-- Exercise details --
Would you give the entries again word for word, with no pictures in the copy?
= = =
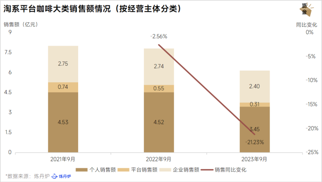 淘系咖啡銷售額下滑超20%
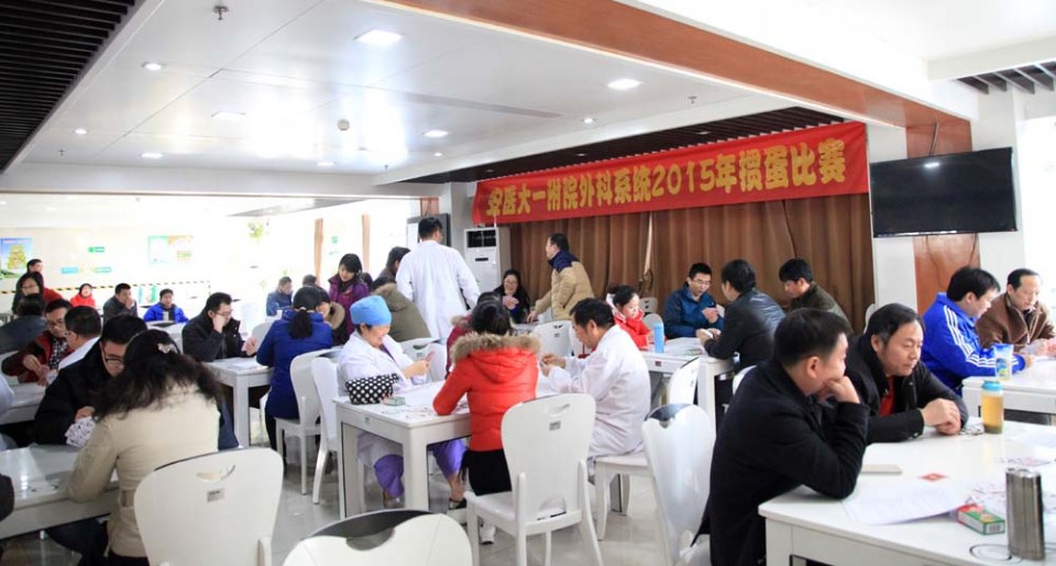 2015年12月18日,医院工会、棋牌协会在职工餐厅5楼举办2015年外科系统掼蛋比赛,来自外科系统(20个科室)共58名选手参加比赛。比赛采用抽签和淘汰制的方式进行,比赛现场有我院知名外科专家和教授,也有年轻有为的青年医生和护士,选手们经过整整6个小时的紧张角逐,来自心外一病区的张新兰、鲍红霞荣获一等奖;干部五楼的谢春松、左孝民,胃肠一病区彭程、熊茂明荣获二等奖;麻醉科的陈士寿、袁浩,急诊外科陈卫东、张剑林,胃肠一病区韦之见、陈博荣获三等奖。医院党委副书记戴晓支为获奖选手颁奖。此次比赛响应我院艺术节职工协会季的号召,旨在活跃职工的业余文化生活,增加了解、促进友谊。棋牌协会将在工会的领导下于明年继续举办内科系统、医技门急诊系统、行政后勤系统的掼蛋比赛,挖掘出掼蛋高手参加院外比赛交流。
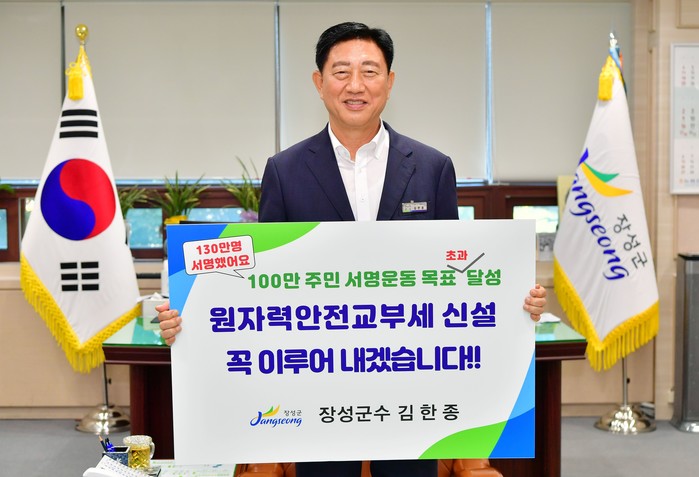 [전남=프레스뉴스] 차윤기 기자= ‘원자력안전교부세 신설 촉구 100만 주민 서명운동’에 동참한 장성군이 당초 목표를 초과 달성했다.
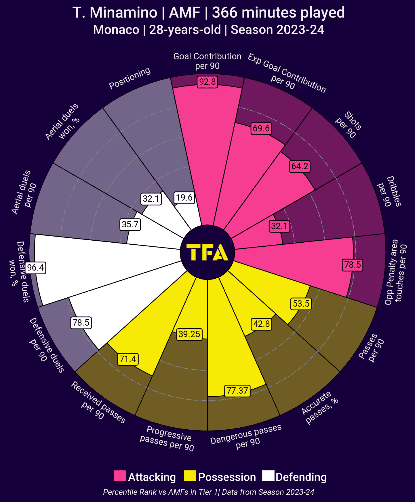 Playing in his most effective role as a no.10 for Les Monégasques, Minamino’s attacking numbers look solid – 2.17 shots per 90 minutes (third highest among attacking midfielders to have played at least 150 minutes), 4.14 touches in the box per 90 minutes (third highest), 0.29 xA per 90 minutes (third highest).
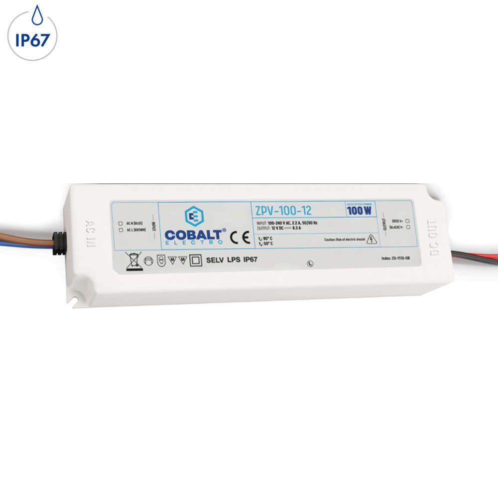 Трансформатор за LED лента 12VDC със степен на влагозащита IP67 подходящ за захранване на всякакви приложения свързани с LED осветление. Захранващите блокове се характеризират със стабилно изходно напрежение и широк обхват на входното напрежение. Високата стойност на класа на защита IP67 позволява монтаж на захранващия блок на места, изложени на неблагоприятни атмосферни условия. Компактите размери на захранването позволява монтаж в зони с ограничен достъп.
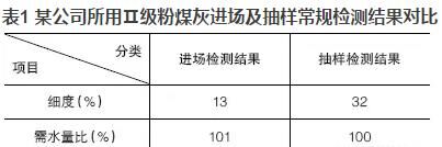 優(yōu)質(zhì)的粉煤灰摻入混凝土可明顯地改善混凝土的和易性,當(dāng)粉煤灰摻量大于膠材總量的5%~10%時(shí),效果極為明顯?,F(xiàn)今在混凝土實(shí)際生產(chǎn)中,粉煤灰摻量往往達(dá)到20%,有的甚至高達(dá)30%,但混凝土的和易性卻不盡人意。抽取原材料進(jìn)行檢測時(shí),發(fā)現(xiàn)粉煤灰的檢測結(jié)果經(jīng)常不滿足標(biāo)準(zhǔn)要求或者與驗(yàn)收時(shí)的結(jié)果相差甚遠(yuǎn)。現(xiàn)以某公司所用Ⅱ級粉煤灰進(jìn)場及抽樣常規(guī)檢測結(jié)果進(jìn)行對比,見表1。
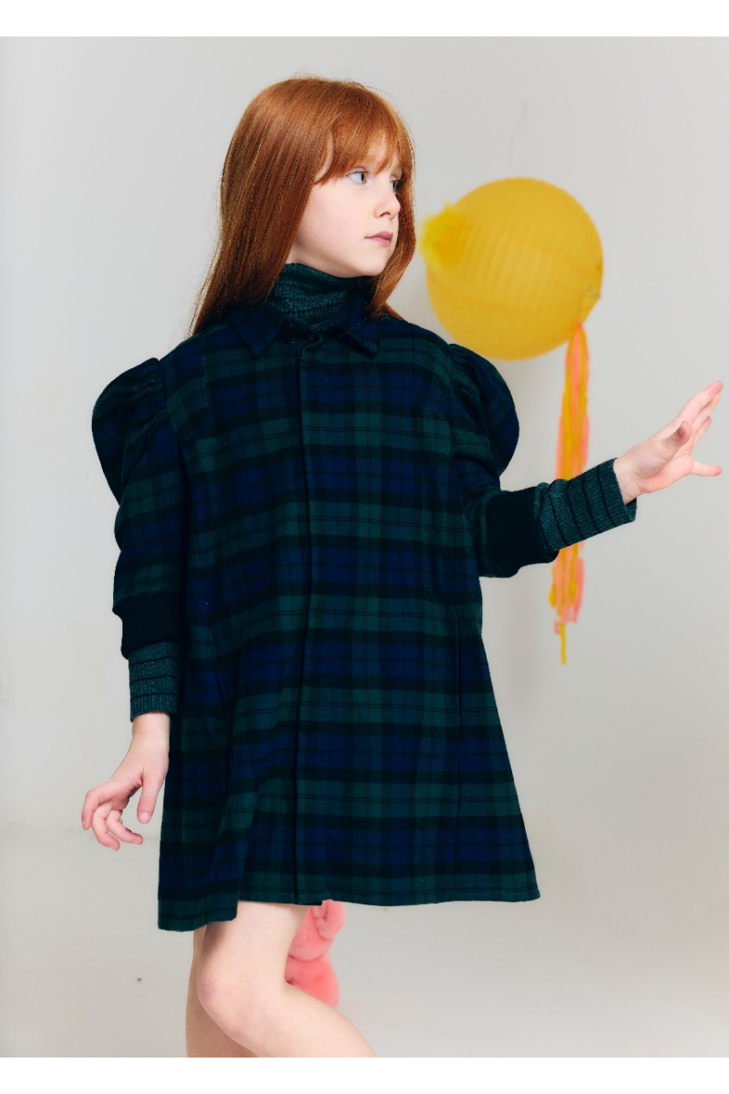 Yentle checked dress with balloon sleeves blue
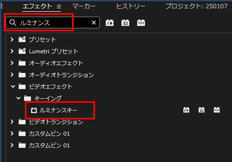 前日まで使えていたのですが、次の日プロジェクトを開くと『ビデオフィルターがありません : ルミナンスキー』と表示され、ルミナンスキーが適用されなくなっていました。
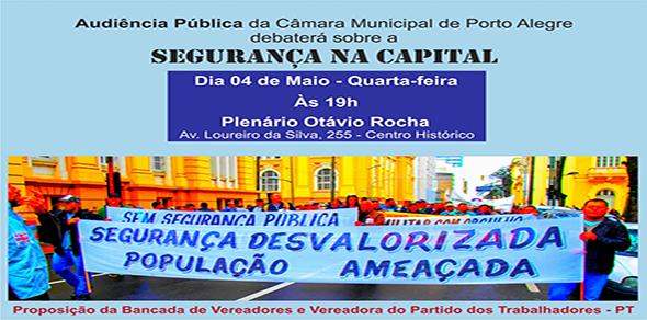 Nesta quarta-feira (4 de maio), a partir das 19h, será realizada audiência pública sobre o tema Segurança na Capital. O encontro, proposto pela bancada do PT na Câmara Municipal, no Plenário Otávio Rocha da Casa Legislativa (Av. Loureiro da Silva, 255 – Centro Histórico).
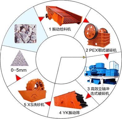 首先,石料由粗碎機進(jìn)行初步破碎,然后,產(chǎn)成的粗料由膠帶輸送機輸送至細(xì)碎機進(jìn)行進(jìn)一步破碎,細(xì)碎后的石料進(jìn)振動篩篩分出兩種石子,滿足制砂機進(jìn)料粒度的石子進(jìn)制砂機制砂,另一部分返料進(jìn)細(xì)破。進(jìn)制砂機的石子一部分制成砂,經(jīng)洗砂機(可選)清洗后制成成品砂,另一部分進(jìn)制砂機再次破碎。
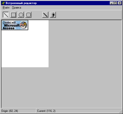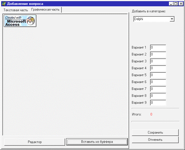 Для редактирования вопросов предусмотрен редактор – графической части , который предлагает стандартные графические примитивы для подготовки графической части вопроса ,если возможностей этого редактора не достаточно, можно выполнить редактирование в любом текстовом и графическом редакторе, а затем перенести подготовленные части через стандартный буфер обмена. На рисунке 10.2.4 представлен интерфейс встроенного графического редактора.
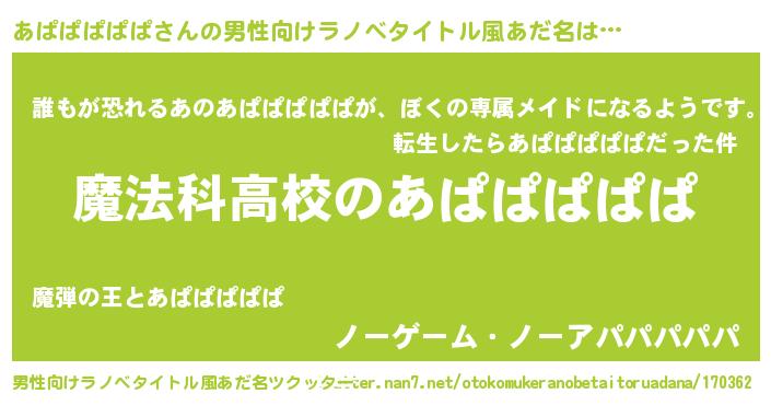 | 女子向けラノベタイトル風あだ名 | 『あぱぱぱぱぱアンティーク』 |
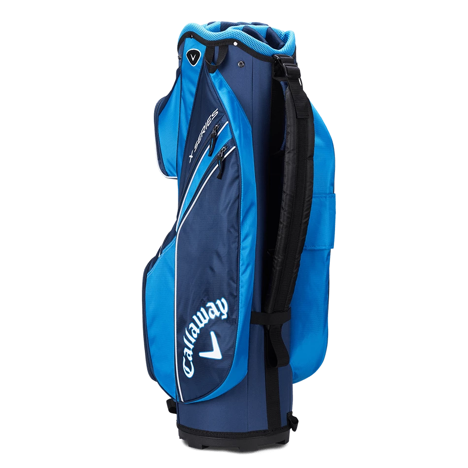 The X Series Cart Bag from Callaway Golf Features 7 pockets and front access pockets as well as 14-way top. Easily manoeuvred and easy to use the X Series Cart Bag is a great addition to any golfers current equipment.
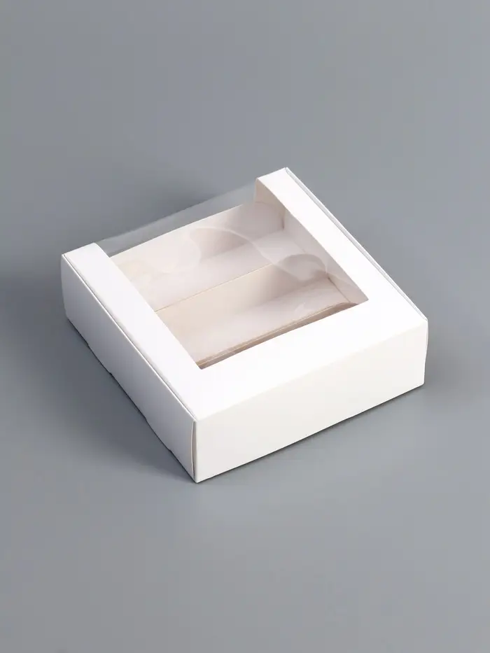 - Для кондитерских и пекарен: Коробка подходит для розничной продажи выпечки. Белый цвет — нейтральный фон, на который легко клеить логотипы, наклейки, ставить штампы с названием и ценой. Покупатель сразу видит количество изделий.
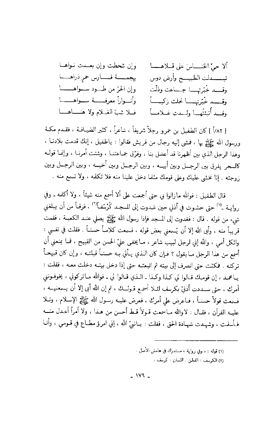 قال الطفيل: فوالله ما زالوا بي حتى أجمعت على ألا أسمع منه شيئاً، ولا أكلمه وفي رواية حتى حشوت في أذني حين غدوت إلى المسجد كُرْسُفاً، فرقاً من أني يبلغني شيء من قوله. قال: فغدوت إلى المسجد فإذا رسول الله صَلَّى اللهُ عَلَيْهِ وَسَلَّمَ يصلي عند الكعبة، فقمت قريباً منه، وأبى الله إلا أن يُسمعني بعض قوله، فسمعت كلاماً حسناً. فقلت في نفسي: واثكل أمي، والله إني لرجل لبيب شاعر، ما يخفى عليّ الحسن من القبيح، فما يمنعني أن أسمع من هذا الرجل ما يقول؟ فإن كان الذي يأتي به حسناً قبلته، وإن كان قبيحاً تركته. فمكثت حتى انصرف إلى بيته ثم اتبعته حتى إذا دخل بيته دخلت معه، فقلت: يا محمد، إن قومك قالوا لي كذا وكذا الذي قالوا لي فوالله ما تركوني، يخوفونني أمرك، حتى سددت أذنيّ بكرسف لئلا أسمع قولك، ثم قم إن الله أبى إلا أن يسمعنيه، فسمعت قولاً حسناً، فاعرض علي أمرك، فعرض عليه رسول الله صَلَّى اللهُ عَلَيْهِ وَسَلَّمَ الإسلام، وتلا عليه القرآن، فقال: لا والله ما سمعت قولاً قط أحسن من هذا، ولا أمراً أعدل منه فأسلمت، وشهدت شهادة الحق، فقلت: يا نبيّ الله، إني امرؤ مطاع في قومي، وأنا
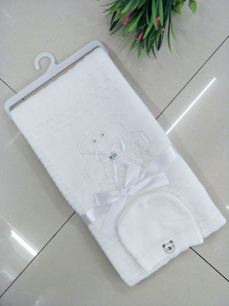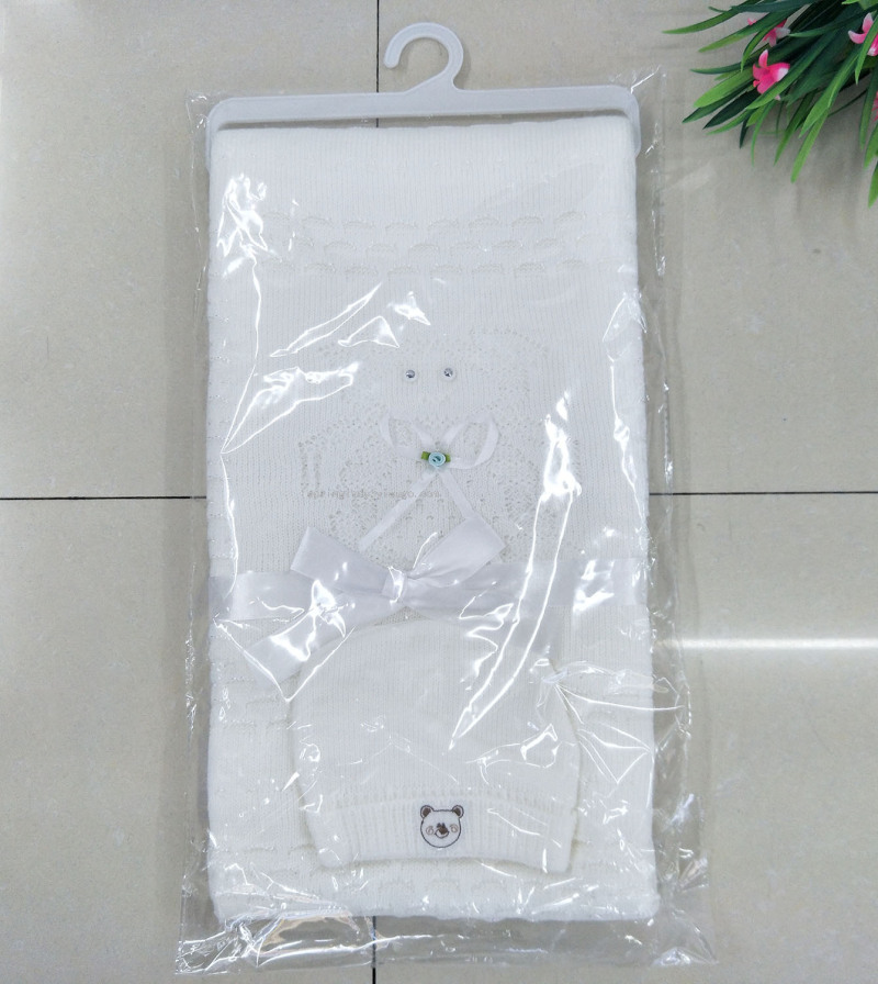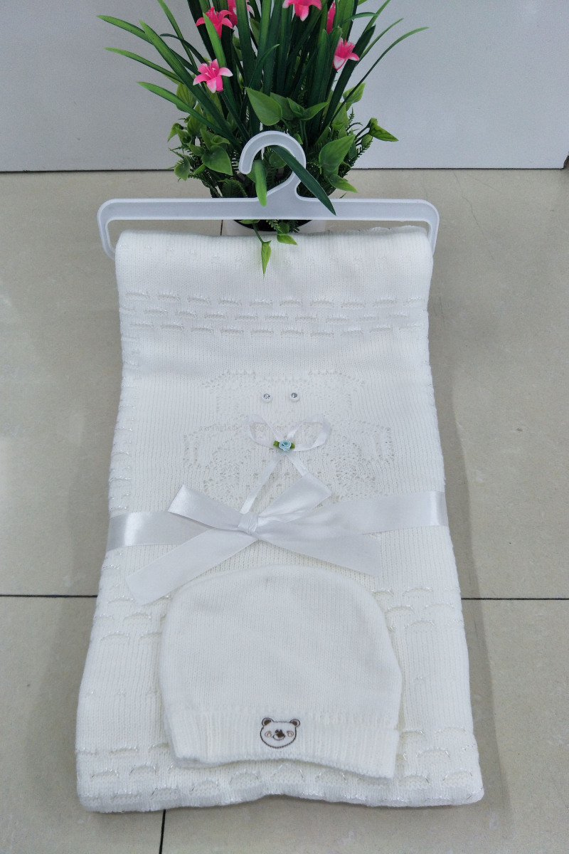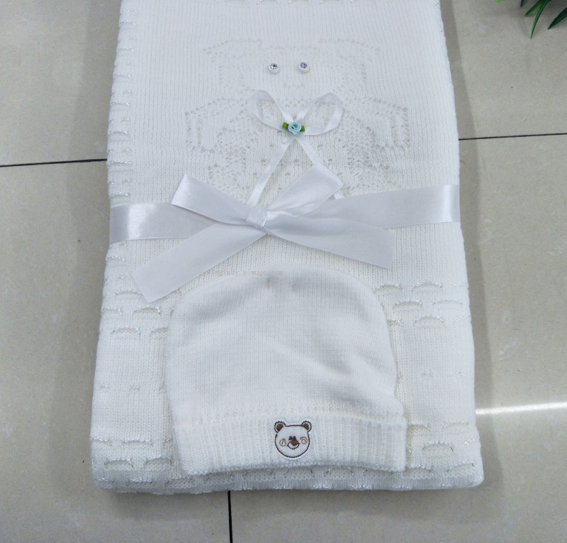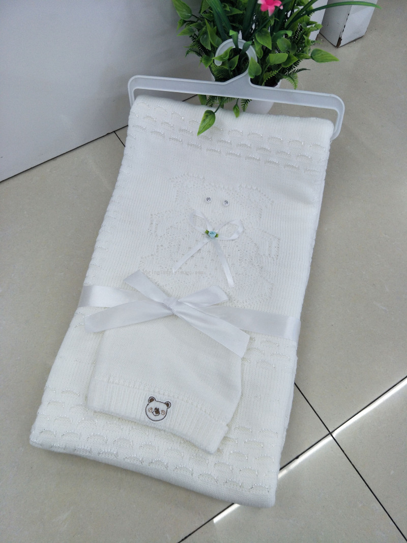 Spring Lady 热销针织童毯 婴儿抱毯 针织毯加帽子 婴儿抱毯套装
= = =
-- Your solution --
 淘系咖啡銷售額下滑超20%
 2015年12月18日,医院工会、棋牌协会在职工餐厅5楼举办2015年外科系统掼蛋比赛,来自外科系统(20个科室)共58名选手参加比赛。比赛采用抽签和淘汰制的方式进行,比赛现场有我院知名外科专家和教授,也有年轻有为的青年医生和护士,选手们经过整整6个小时的紧张角逐,来自心外一病区的张新兰、鲍红霞荣获一等奖;干部五楼的谢春松、左孝民,胃肠一病区彭程、熊茂明荣获二等奖;麻醉科的陈士寿、袁浩,急诊外科陈卫东、张剑林,胃肠一病区韦之见、陈博荣获三等奖。医院党委副书记戴晓支为获奖选手颁奖。此次比赛响应我院艺术节职工协会季的号召,旨在活跃职工的业余文化生活,增加了解、促进友谊。棋牌协会将在工会的领导下于明年继续举办内科系统、医技门急诊系统、行政后勤系统的掼蛋比赛,挖掘出掼蛋高手参加院外比赛交流。
 [전남=프레스뉴스] 차윤기 기자= ‘원자력안전교부세 신설 촉구 100만 주민 서명운동’에 동참한 장성군이 당초 목표를 초과 달성했다.
 Playing in his most effective role as a no.10 for Les Monégasques, Minamino’s attacking numbers look solid – 2.17 shots per 90 minutes (third highest among attacking midfielders to have played at least 150 minutes), 4.14 touches in the box per 90 minutes (third highest), 0.29 xA per 90 minutes (third highest).
 Трансформатор за LED лента 12VDC със степен на влагозащита IP67 подходящ за захранване на всякакви приложения свързани с LED осветление. Захранващите блокове се характеризират със стабилно изходно напрежение и широк обхват на входното напрежение. Високата стойност на класа на защита IP67 позволява монтаж на захранващия блок на места, изложени на неблагоприятни атмосферни условия. Компактите размери на захранването позволява монтаж в зони с ограничен достъп.
 優(yōu)質(zhì)的粉煤灰摻入混凝土可明顯地改善混凝土的和易性,當(dāng)粉煤灰摻量大于膠材總量的5%~10%時(shí),效果極為明顯?,F(xiàn)今在混凝土實(shí)際生產(chǎn)中,粉煤灰摻量往往達(dá)到20%,有的甚至高達(dá)30%,但混凝土的和易性卻不盡人意。抽取原材料進(jìn)行檢測時(shí),發(fā)現(xiàn)粉煤灰的檢測結(jié)果經(jīng)常不滿足標(biāo)準(zhǔn)要求或者與驗(yàn)收時(shí)的結(jié)果相差甚遠(yuǎn)。現(xiàn)以某公司所用Ⅱ級粉煤灰進(jìn)場及抽樣常規(guī)檢測結(jié)果進(jìn)行對比,見表1。
 Yentle checked dress with balloon sleeves blue
 前日まで使えていたのですが、次の日プロジェクトを開くと『ビデオフィルターがありません : ルミナンスキー』と表示され、ルミナンスキーが適用されなくなっていました。
 Nesta quarta-feira (4 de maio), a partir das 19h, será realizada audiência pública sobre o tema Segurança na Capital. O encontro, proposto pela bancada do PT na Câmara Municipal, no Plenário Otávio Rocha da Casa Legislativa (Av. Loureiro da Silva, 255 – Centro Histórico).
 首先,石料由粗碎機進(jìn)行初步破碎,然后,產(chǎn)成的粗料由膠帶輸送機輸送至細(xì)碎機進(jìn)行進(jìn)一步破碎,細(xì)碎后的石料進(jìn)振動篩篩分出兩種石子,滿足制砂機進(jìn)料粒度的石子進(jìn)制砂機制砂,另一部分返料進(jìn)細(xì)破。進(jìn)制砂機的石子一部分制成砂,經(jīng)洗砂機(可選)清洗后制成成品砂,另一部分進(jìn)制砂機再次破碎。
 Для редактирования вопросов предусмотрен редактор – графической части , который предлагает стандартные графические примитивы для подготовки графической части вопроса ,если возможностей этого редактора не достаточно, можно выполнить редактирование в любом текстовом и графическом редакторе, а затем перенести подготовленные части через стандартный буфер обмена. На рисунке 10.2.4 представлен интерфейс встроенного графического редактора.
 | 女子向けラノベタイトル風あだ名 | 『あぱぱぱぱぱアンティーク』 |
 The X Series Cart Bag from Callaway Golf Features 7 pockets and front access pockets as well as 14-way top. Easily manoeuvred and easy to use the X Series Cart Bag is a great addition to any golfers current equipment.
 - Для кондитерских и пекарен: Коробка подходит для розничной продажи выпечки. Белый цвет — нейтральный фон, на который легко клеить логотипы, наклейки, ставить штампы с названием и ценой. Покупатель сразу видит количество изделий.
 قال الطفيل: فوالله ما زالوا بي حتى أجمعت على ألا أسمع منه شيئاً، ولا أكلمه وفي رواية حتى حشوت في أذني حين غدوت إلى المسجد كُرْسُفاً، فرقاً من أني يبلغني شيء من قوله. قال: فغدوت إلى المسجد فإذا رسول الله صَلَّى اللهُ عَلَيْهِ وَسَلَّمَ يصلي عند الكعبة، فقمت قريباً منه، وأبى الله إلا أن يُسمعني بعض قوله، فسمعت كلاماً حسناً. فقلت في نفسي: واثكل أمي، والله إني لرجل لبيب شاعر، ما يخفى عليّ الحسن من القبيح، فما يمنعني أن أسمع من هذا الرجل ما يقول؟ فإن كان الذي يأتي به حسناً قبلته، وإن كان قبيحاً تركته. فمكثت حتى انصرف إلى بيته ثم اتبعته حتى إذا دخل بيته دخلت معه، فقلت: يا محمد، إن قومك قالوا لي كذا وكذا الذي قالوا لي فوالله ما تركوني، يخوفونني أمرك، حتى سددت أذنيّ بكرسف لئلا أسمع قولك، ثم قم إن الله أبى إلا أن يسمعنيه، فسمعت قولاً حسناً، فاعرض علي أمرك، فعرض عليه رسول الله صَلَّى اللهُ عَلَيْهِ وَسَلَّمَ الإسلام، وتلا عليه القرآن، فقال: لا والله ما سمعت قولاً قط أحسن من هذا، ولا أمراً أعدل منه فأسلمت، وشهدت شهادة الحق، فقلت: يا نبيّ الله، إني امرؤ مطاع في قومي، وأنا
 Spring Lady 热销针织童毯 婴儿抱毯 针织毯加帽子 婴儿抱毯套装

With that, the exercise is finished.